No início apenas um pequeno grupo com uma pauta progressista manifestava-se nas ruas da cidade de São Paulo. 
Foram chamados de vândalos pela imprensa. 
De uma hora para outra, a mesma imprensa passou a elogiar os protestos e os manifestantes, a ponto de o programa da apresentadora Ana Maria Braga , da tv globo, ensinar os manifestantes a confeccionar seus cartazes que seriam levados às ruas.
Claramente por parte da imprensa houve uma ressignificação e uma recontextualização dos protestos e, o foco, das mensagem, que cresceram de forma avassaladora se deu nas redes sociais.
Um exemplo da integração do sistema de grampo com ações subsequentes , neste caso no campo da política.

O que pode estar acontecendo nos campos da indústria, comeŕcio e investimentos, deve estar se perguntando o caro leitor apreeensivo.

Não por acaso,  Edward Snowden está sendo caçado pelo governo dos EUA por ter trazido a tona uma informação relevante, uma contribuição à democracia, um importante auxílio para retomada do processo de civilidade. 
Em tempos de fascismo, uma informação útil  é motivo de caçada por parte de um governo, de bloqueio do espaço aéreo de vários países de um avião presidencial com o presidente a bordo por estar supostamente dando carona a Snowden, de censura sobre o assunto por parte da maioria da imprensa mundial.
Uma inversão total de valores em um mundo que se autoproclama democrático ,civilizado e livre.
Na contramão desse mundo , alguns países, de forma digna e corajosa, trilham outras alternativas no desenvolvimento e crescimento econômico, onde a democracia de fato é exercida, e assim sendo, é censurada e demonizada assim como seus governantes.

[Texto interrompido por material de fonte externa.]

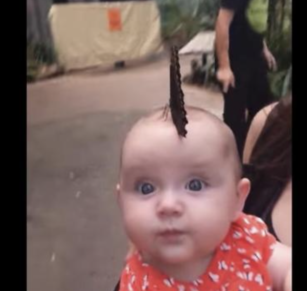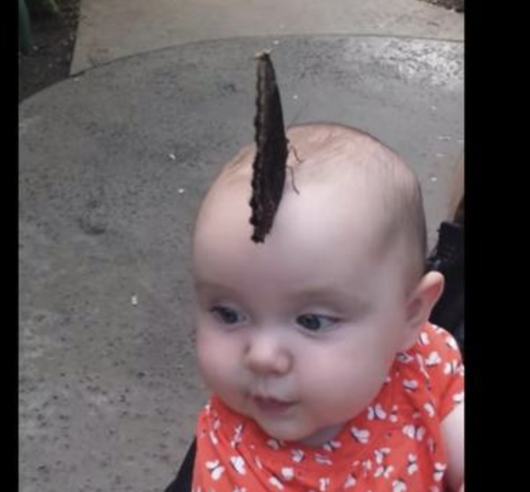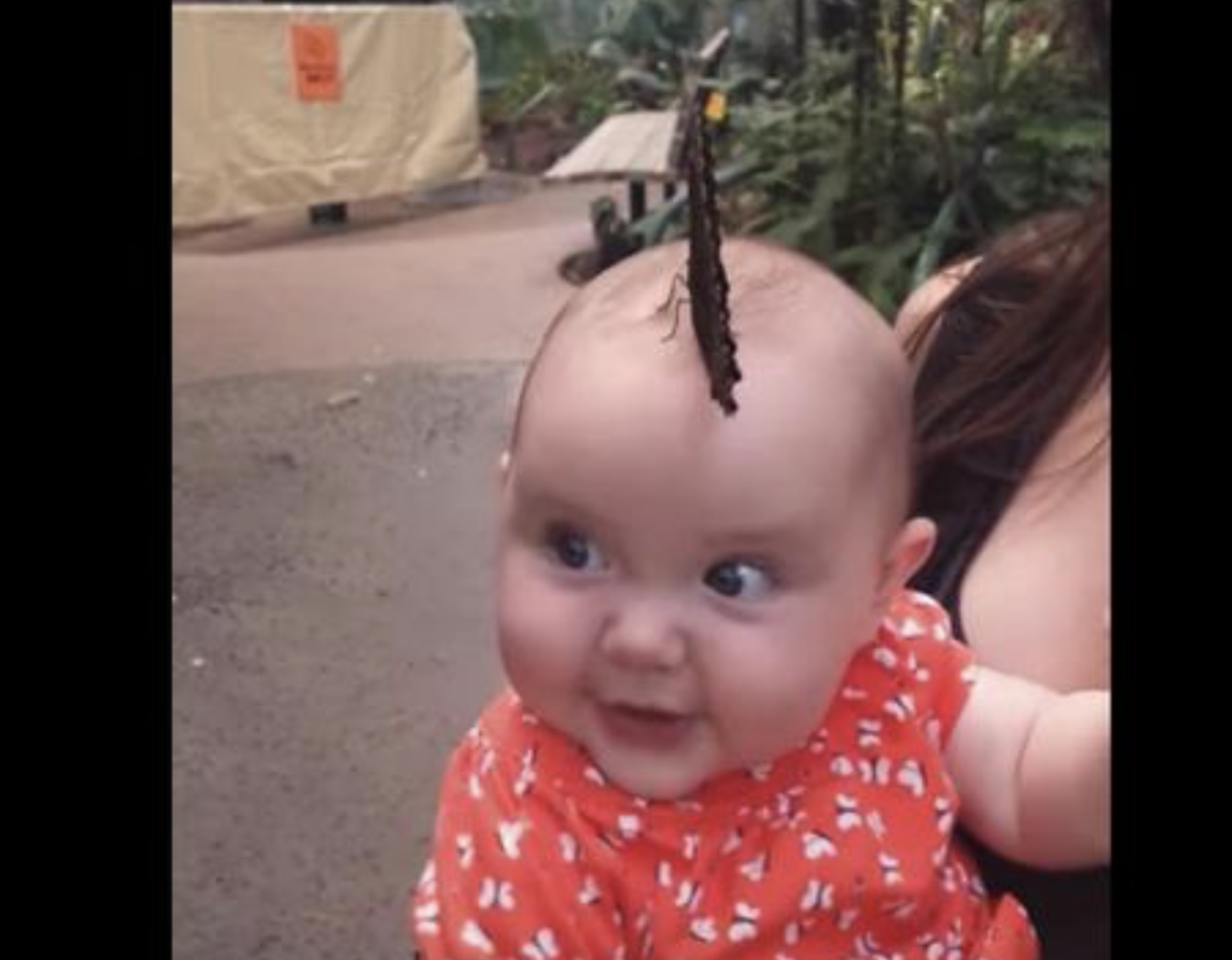 A butterfly passing through at the zoo needed to rest their wings. They found the ideal perching spot on the soft head of a baby.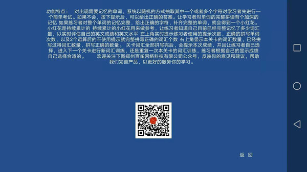英语词汇速记是郑州百雀网络科技有限公司精心打造的一款高效单词记忆软件。该软件采用创新的字母填空模式,通过趣味互动帮助用户牢固掌握单词拼写与含义。系统化的学习方案结合科学的记忆曲线,让每个单词都能深深印刻在脑海中。无论是备考四六级、考研英语,还是日常提升词汇量,这款软件都能提供专业支持。其简洁直观的界面设计,配合智能化的学习进度管理,让背单词变得轻松高效。现在下载即可开启科学记忆之旅,快速扩充您的英语词汇库。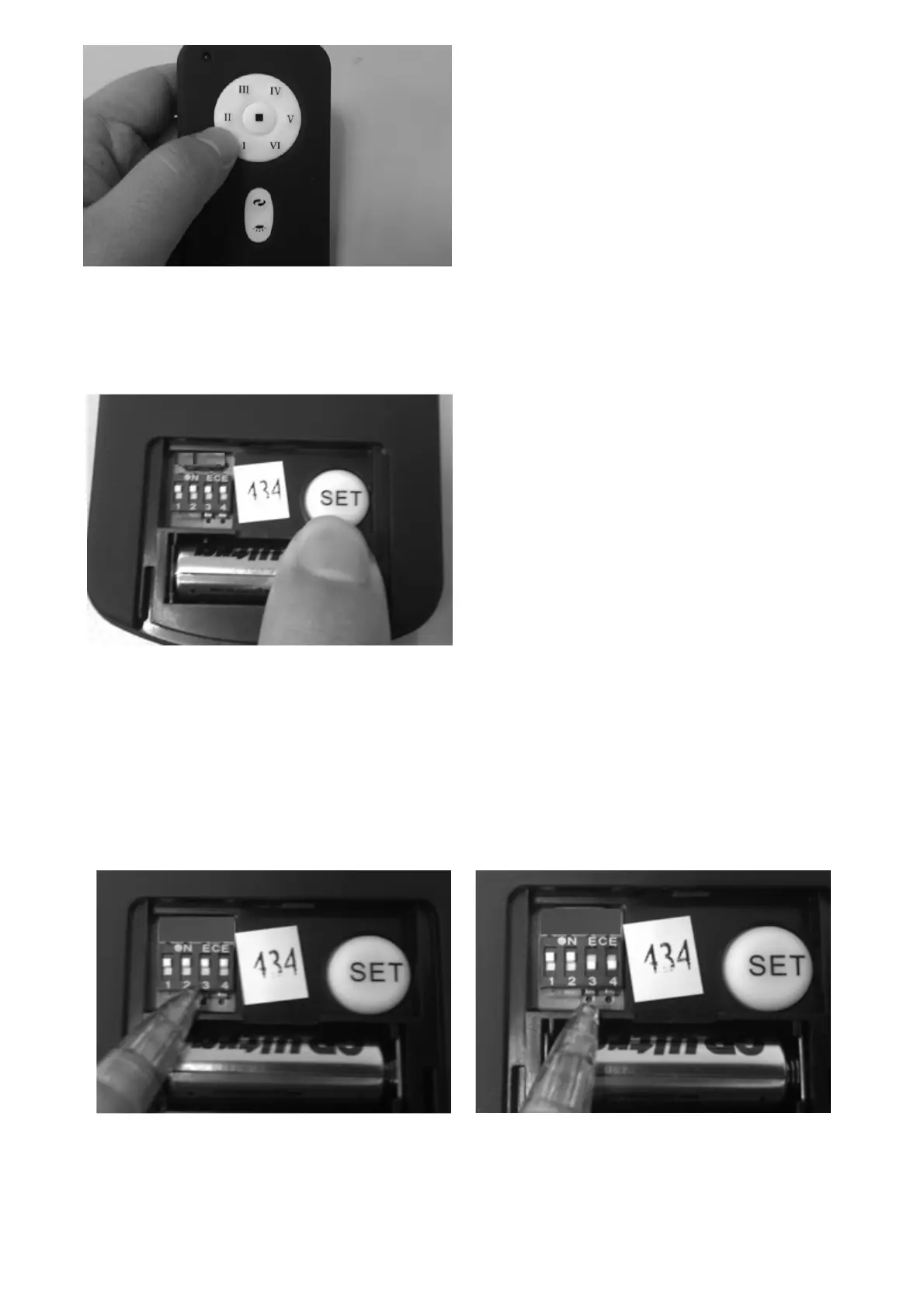 cambiar los interruptores DIP a cualquier posición de las 16 opciones. (Ej. arriba, arriba, abajo, abajo).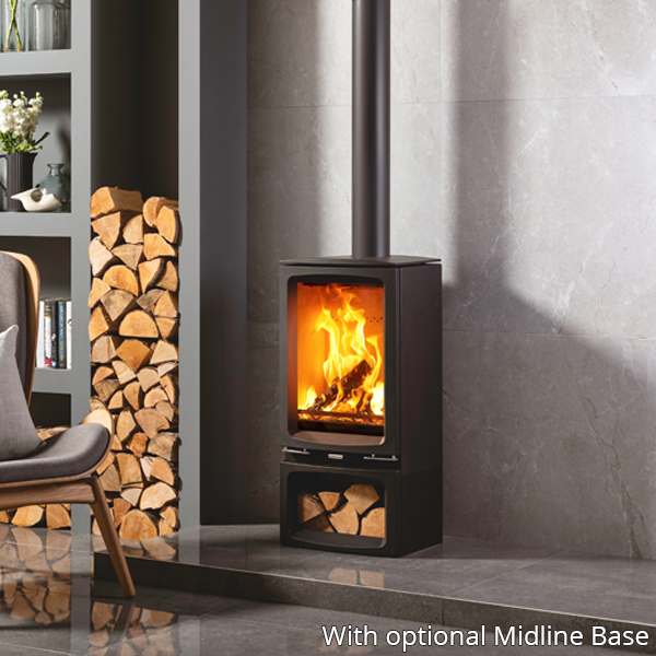 The Stovax Vogue Midi T offers not just superior aesthetics but also practicality. You have the option to install it with the Midline log store base, which not only provides convenient fuel storage but also increases the stove’s height, elevating your interior decor and making a stylish statement.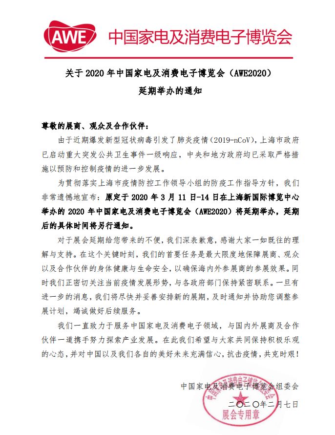为贯彻落实上海市疫情防控工作领导小组的防疫工作指导方针,我们非常遗憾地宣布:原定于2020年3月11日-14日在上海新国际博览中心举办的2020年中国家电及消费电子博览会(AWE2020)将延期举办,延期后的具体时间将另行通知。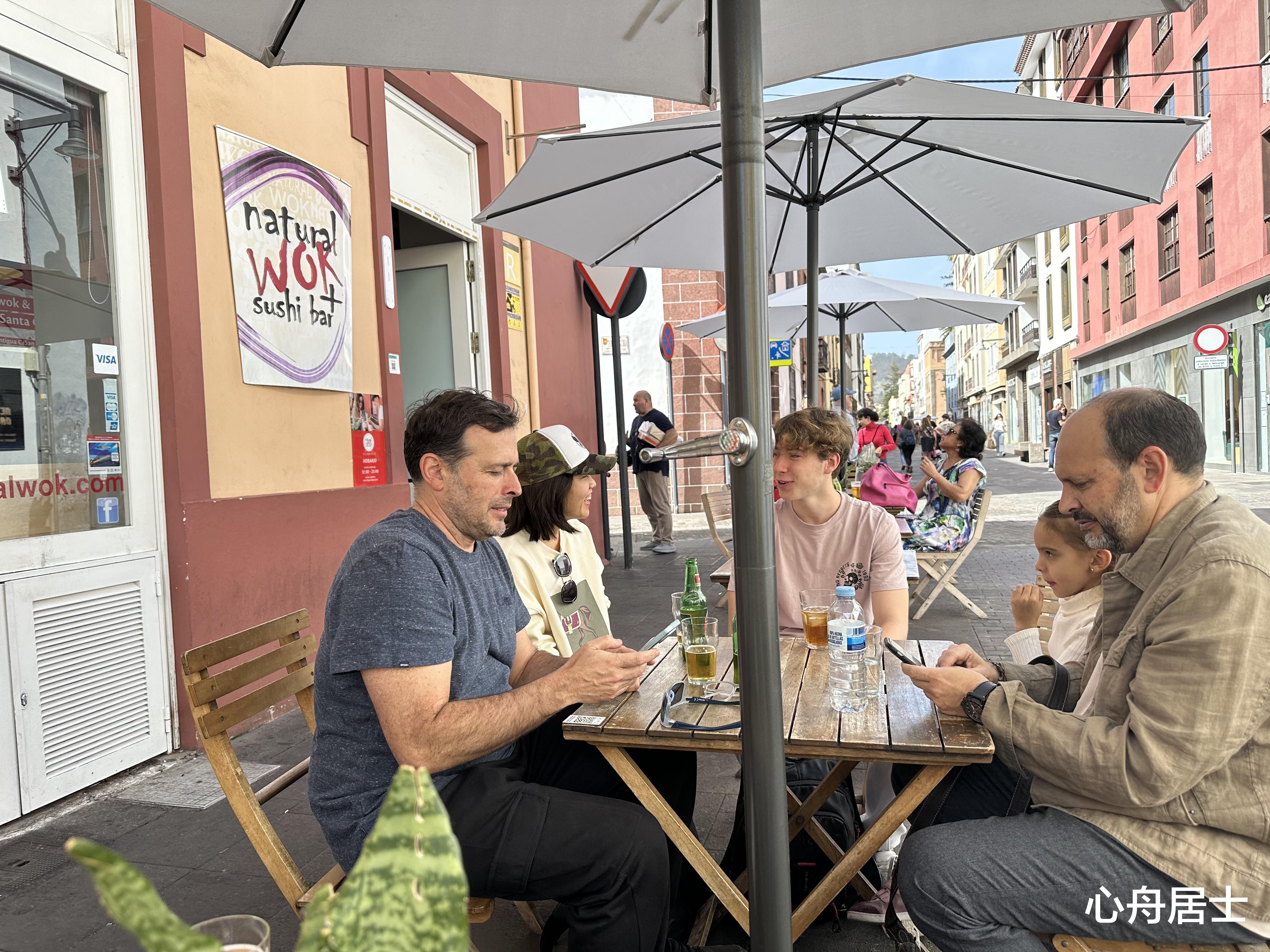 13日一下飞机,朋友就开车载我们到了市中心,同他的家人见面。朋友是土生土长的特内里费人,与我们相识十余年。我们的到来,令他非常开心。不但早早地帮我们订好了来回的机票,还帮我们安排好了住宿和行程。他的家人也很热情,从不同的地方赶过来同我们会面。老友相逢,分外喜悦。我们最后一次碰面是2019年11月,到现在已经过去五年了。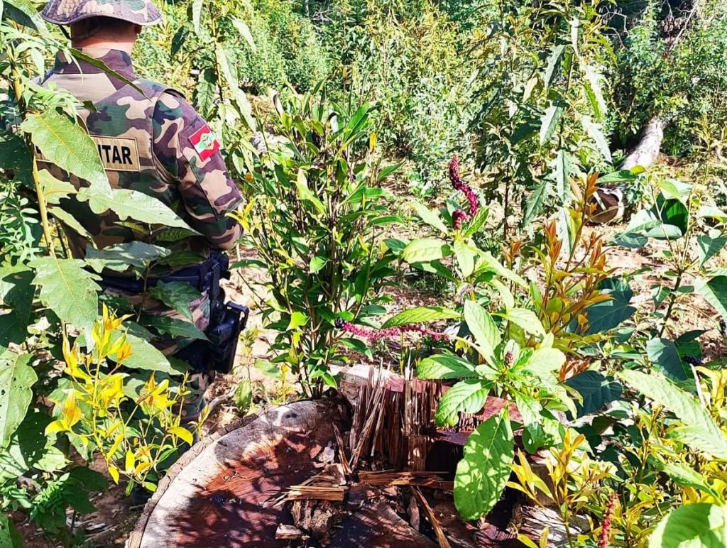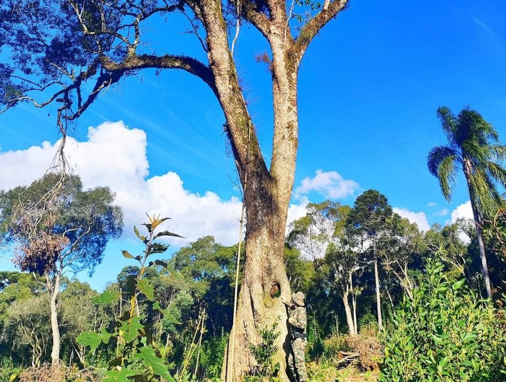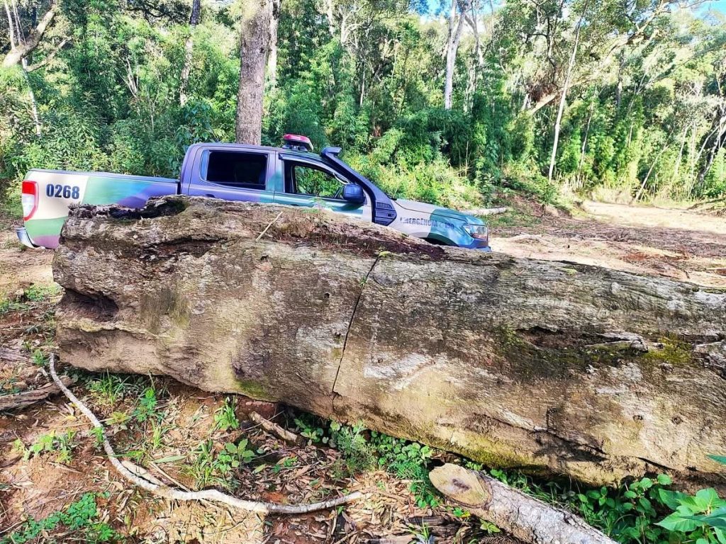 Polícia Militar Ambiental flagra corte seletivo de imbuias centenárias durante apuração de denúncia no interior de Mafra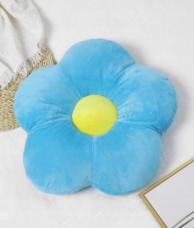 Ta piękna poduszka została stworzona z myślą o najmłodszych. Jej wesoły, kolorowy design - niebieskie płatki z żółtym środkiem - wniesie radość i bajkowy nastrój do każdego pokoju dziecięcego.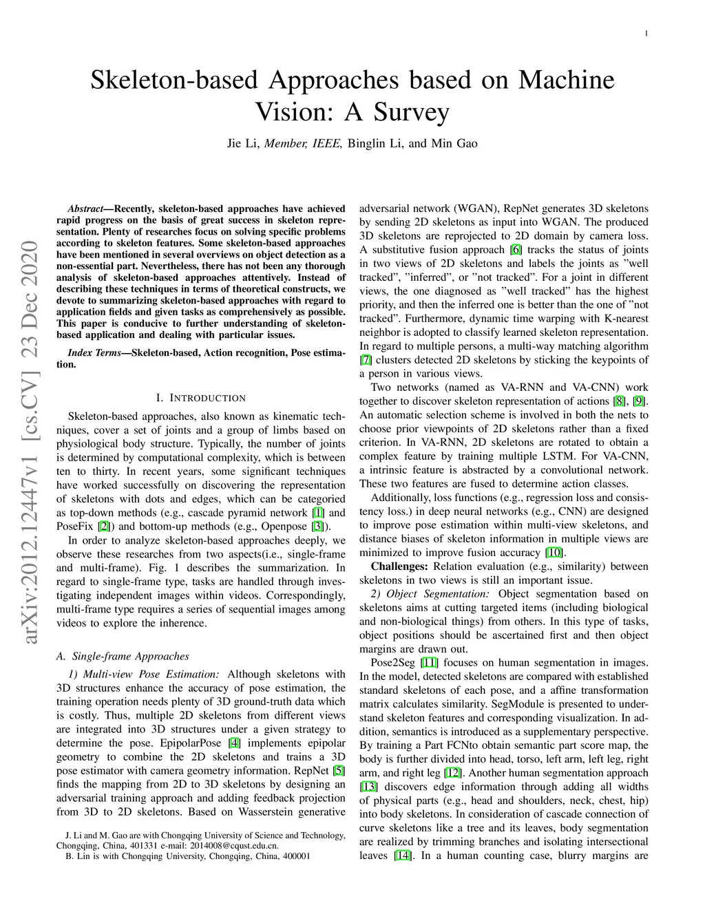 Skeleton-based Approaches based on Machine Vision: A Survey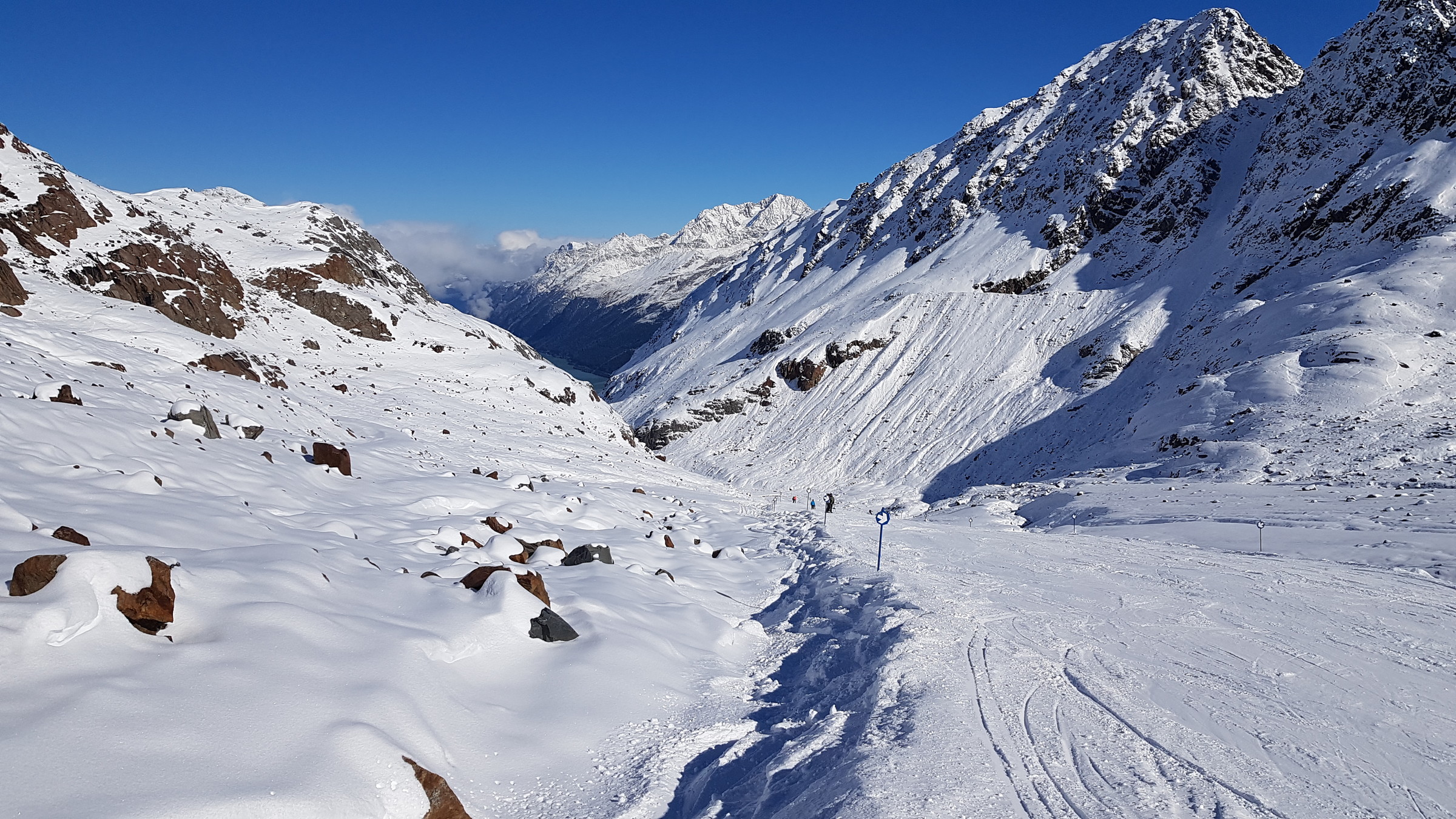Alles in allem aber trotzdem ein guter Skitag, vor allem durch den wolkenlosen Himmel und den häufig pulvrigen Schnee. Und das erste Mal im Oktober in den Alpen Skifahren (in allen anderen Monaten war ich schon dort).
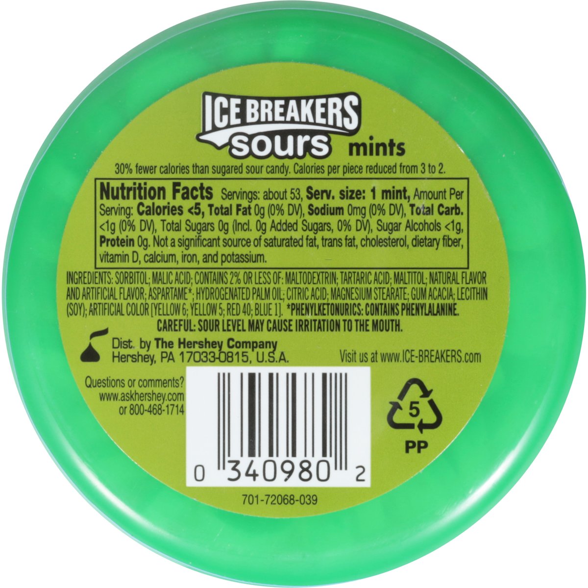 Watermelon. Green apple. Tangerine. Natural & artificial flavors. Sugar free. 30% fewer calories than sugared sour candy. Calories per piece reduced from 3 to 2. With flavor crystals. www.askhershey.com. www.ice-breakers.com. Questions or comments? www.askhershey.com or 800-468-1714. Visit us at www.Ice-Breakers.com.

Na sequência dos protestos que ocorreram por aqui, a presidenta Dilma , corretamente ouviu os manifestantes e deu início à implementação de suas reivindicações.

Curiosamente e ironicamente , a vigilância e conhecimento sobre as redes sociais permitiu maximizar a magnitude das manifestações de rua, mas não  conseguiu prever que as principais reivindicações dos manifestantes tivessem um sentido contrário ao da ideologia que permeou tal maximização.

Não é também por acaso que agora, a mesma velha imprensa que inicialmente rotulou as manifestações como ações de vândalos, depois mudou e passou a apoiar os manifestantes agora classifica os protestos como infantis ao estilo mickey mouse em uma clara tentativa de barrar as ações do governo federal  em resposta às ruas.

A espionagem  mundial fornece importantes informações , porém, ainda é incapaz de prever o desenrolar dos acontecimentos.

O governo brasileiro, ao tomar conhecimento que vem sendo vigiado pelo big brother desmascarado deve agir de imediato e com firmeza.

Em primeiro lugar deve aceitar o pedido de asilo de Snowden, caso seja solicitado, não apenas como um ato humanitário e civilizado, mas também como uma forma de valorização da democracia e resposta aos atos invasores de espionagem que ferem não apenas a sobertania nacional, mas de todos os países.

Em segundo lugar, compreender as reivindicações oriundas das ruas  e aproveitar a oportunidade extraordinária de trilhar os caminhos da democracia plena , do crescimento com desenvolvimento e da justiça social.